IECs should consider whether the purpose of the research could be achieved using de-identified information. If IECs think that the use of de-identified information would be feasible and practical, this should be negotiated with the researcher. Similarly, IECs should consider whether it is reasonable for the research to proceed without the consent of the individuals concerned.
The 1991 guidelines were a little more blunt:
Where consent has not been given or is not proposed to be given for the collection or disclosure of personal information by a Commonwealth agency, the IEC must be satisfied that there are sufficient grounds for not seeking that consent. (guideline 3.6).
While this does not provide any guidance as to when 'sufficient grounds' do and do not exist at least it is explicit acknowledgment of the issue in guidelines themselves.
The new draft seems to be bending over backwards to avoid telling medical researchers that they are obliged to take consent seriously. Is it likely that any IEC would now refuse to approve a research proposal on the grounds of lack of consent - would they read between the lines? A problem for the AHEC is that, if it did say anything meaningful about when consent did and did not need to be obtained, there would probably be few reasons to limit the application of these comments to research using Commonwealth agency information, so it would be likely to be controversial with all medical researchers.

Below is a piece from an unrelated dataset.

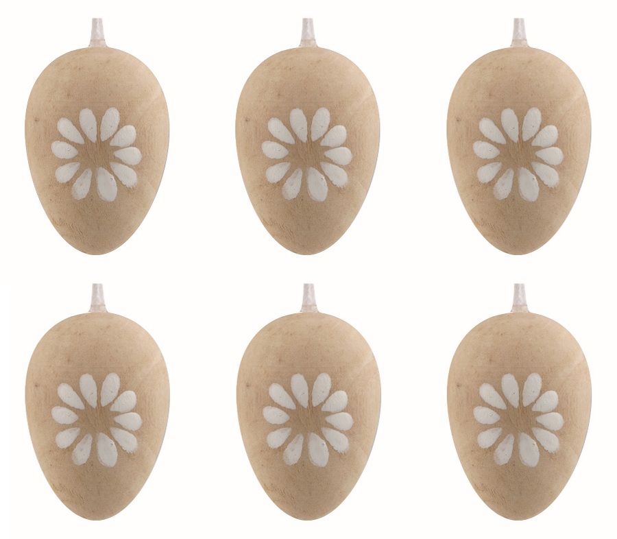 Vajíčka drevené 4 cm na zavesenie, 6 ks v sáčku

Perhaps these comments are too harsh - perhaps no medical research using identified information goes ahead in Australia without the consent of the individuals concerned unless there are overwhelming practical problems in obtaining it, and only then for research where the public interest clearly outweighs the privacy concern at being a compulsory research subject. In the absence of evidence, it is difficult to just assume this is so.
It should also be stressed that the rest of Guideline 3 (concerning the factors to be considered by IECs in determining whether an IPP-breaching research proposal is justified) is exemplary in its consideration for the interests of the persons that the information is about.
For the reasons set out above, most of the other guidelines are, from a privacy perspective, in the nature of a 'mopping up' operation (though an important one) after the crucial decisions as to whether a privacy invasion will occur have been taken.Repeal s 95?
The s 95 process is an aberration in the Privacy Act. All other exemptions from the operation of particular IPPs are dealt with through the Public Interest Determination process (Pt VI) which involves three major differences from s 95: (a) Determinations (exemptions) are drafted by the Commissioner, not the agency concerned or the users of the information; (b) any Determinations are disallowable instruments, so Parliament has the final say as to whether they are in the public interest; and (3) there is a compulsory process of public submissions and hearings.
The Pt VI procedures are far from perfect. They need amendment to allow parties other than agencies to seek exemptions from the IPPs, so agencies cannot use them as a form of 'Official Secrets Act'. They also need a procedure for emergency determinations to be made, with ex-post-facto confirmation after proper consultation.
The NHMRC Guidelines are an object lesson in why the s 95 model should not be followed when other sectors are brought within the scope of the Privacy Act. It might be better if s 95 were repealed, Pt VI amended, and the whole medical research guideline process put more squarely within the Privacy Commissioner's responsibilities. NHMRC and AHEC would still of course play the major role but they should not run the process.